OvermindDL1 · December 11, 2018, 9:48pm

Huh, so you’d have to start the parser back up again, in another function, instead of just doing it in-position? o.O?

josevalim · December 11, 2018, 9:51pm

What would lookahead do in this case? Would it look if the combinator matches but without changing the accumulate state or the input and continue if so, otherwise it “denies”? And lookahead_not is the opposite? I think we can retire the current lookahead in favor of it. Especially as the current lookahead is really just a traverse.

Indeed. The current patch would be the starting point, not the destination.

I mean this is in the nicest way possible but don’t start this gate keeping non sense. I know there is a computer science background to all of this but catching up on it is not my priority as my CS reading time is usually focused elsewhere. I am doing it mostly for fun. If I had to do all of this research before, the idea would still be on paper, which would be a shame. It is open source, there are no warranties, warts and all.

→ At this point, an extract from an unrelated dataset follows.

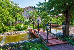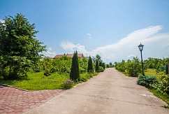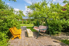 У усадьбы великолепная территория, по которой захочется гулять часами. Дорожки, подсвеченные огоньками, приведут вас к пруду с водопадом, или к бане. А если вы устанете бродить, то сможете присесть на скамейки в нашем фруктовом саду, отдохнуть в гамаке или на качелях.

mjadczak · December 11, 2018, 10:00pm

Yes, exactly that. In fact, lookahead_not is the more fundamental one, since you could write def lookahead(c), do: c |> lookahead_not() |> lookahead_not() (although when compiled naively, it would require an extra case statement to execute). And I agree that the current lookahead could be retired and easily implemented using traverse when needed.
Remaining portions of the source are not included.